危険情報
パラグアイの危険情報【危険レベル継続】(内容の更新)
更新日 2024年12月25日
危険レベル・ポイント
【危険レベル】
● コンセプシオン県ウブ・ジャウ市と隣接するアマンバイ県内の県境付近、コンセプシオン県(サン・ラサロ市、サン・カルロス・デル・アパ市を除く)、サン・ペドロ県サン・ペドロ・デ・ウクアマンディジュ市及びショレ市より北、アマンバイ県カピタン・バド市及びアルト・パラナ県プレシデンテ・フランコ市
レベル2:不要不急の渡航は止めてください。(継続)
● 首都アスンシオン市及びその周辺、アマンバイ県ベジャ・ビスタ・ノルテ市及びペドロ・ファン・カバジェロ市、カニンデジュ県サルト・デル・グアイラ市、アルト・パラナ県シウダ・デル・エステ市並びにイタプア県エンカルナシオン市
レベル1:十分注意してください。(継続)
【ポイント】
●コンセプシオン県、サン・ペドロ県及びアマンバイ県の一部の地域では、パラグアイ人民解放軍(EPP)や武装農民グループ(ACA)などの反政府武装グループが、誘拐・殺人等の凶悪犯罪を起こしており、治安機関による掃討作戦が進められているものの、2024年1月にはEPPの犯行と思われる襲撃事件が発生しています。同地域への不要不急の渡航は止めてください。
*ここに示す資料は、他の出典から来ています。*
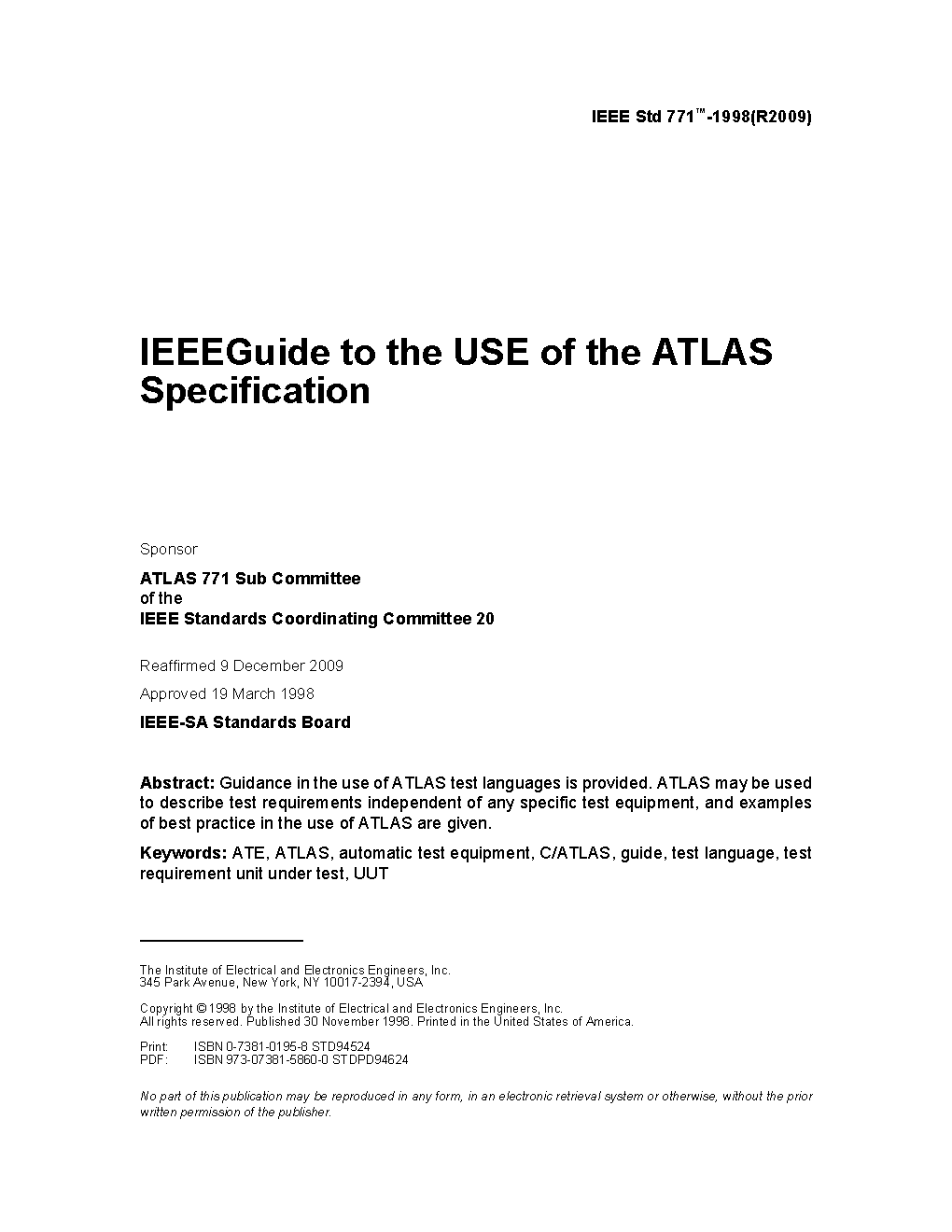 The purpose of this guide is to provide principles of good practice in the use of ATLAS for the writing of test procedures. This advice has been drawn from practical applications in many organizations and a number of companies who are contractually committed to prepare test procedures in ATLAS.
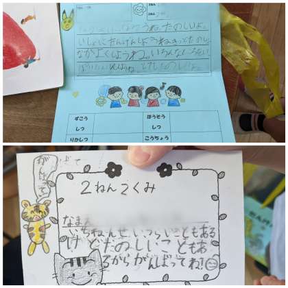 1年生の教室に行き、ペアグループを組みました。初めて出会う子も多く、ドキドキしていました。カードを渡して「よろしくね♪」と友だちになれました。これから、たんけんカードを手に、学校のあちらこちらに出かけていきます!

●首都アスンシオン市及びその周辺を始め、ブラジルと国境を接する一部地域やアルゼンチンと国境を接する一部地域では、強盗や麻薬等に関連した犯罪に一般市民が巻き込まれる危険性があります。特に注意が必要とされるアマンバイ県カピタン・バド市、アルト・パラナ県プレシデンテ・フランコ市に対し危険レベル2を、アマンバイ県ベジャ・ビスタ・ノルテ市、同県ペドロ・ファン・カバジェロ市、カニンデジュ県サルト・デル・グアイラ市、シウダ・デル・エステ市、イタプア県エンカルナシオン市に対しレベル1を継続して発出します。
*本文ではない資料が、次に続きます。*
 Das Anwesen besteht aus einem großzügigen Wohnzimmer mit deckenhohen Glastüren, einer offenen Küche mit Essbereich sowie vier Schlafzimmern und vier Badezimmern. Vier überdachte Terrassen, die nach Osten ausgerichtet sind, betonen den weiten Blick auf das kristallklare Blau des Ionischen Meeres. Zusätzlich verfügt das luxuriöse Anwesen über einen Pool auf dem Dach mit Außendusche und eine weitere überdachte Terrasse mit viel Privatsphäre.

● コンセプシオン県ウブ・ジャウ市と隣接するアマンバイ県内の県境付近、コンセプシオン県(サン・ラサロ市、サン・カルロス・デル・アパ市を除く)、サン・ペドロ県サン・ペドロ・デ・ウクアマンディジュ市及びショレ市より北、アマンバイ県カピタン・バド市及びアルト・パラナ県プレシデンテ・フランコ市
レベル2:不要不急の渡航は止めてください。(継続)
● 首都アスンシオン市及びその周辺、アマンバイ県ベジャ・ビスタ・ノルテ市及びペドロ・ファン・カバジェロ市、カニンデジュ県サルト・デル・グアイラ市、アルト・パラナ県シウダ・デル・エステ市並びにイタプア県エンカルナシオン市
レベル1:十分注意してください。(継続)
【ポイント】
●コンセプシオン県、サン・ペドロ県及びアマンバイ県の一部の地域では、パラグアイ人民解放軍(EPP)や武装農民グループ(ACA)などの反政府武装グループが、誘拐・殺人等の凶悪犯罪を起こしており、治安機関による掃討作戦が進められているものの、2024年1月にはEPPの犯行と思われる襲撃事件が発生しています。同地域への不要不急の渡航は止めてください。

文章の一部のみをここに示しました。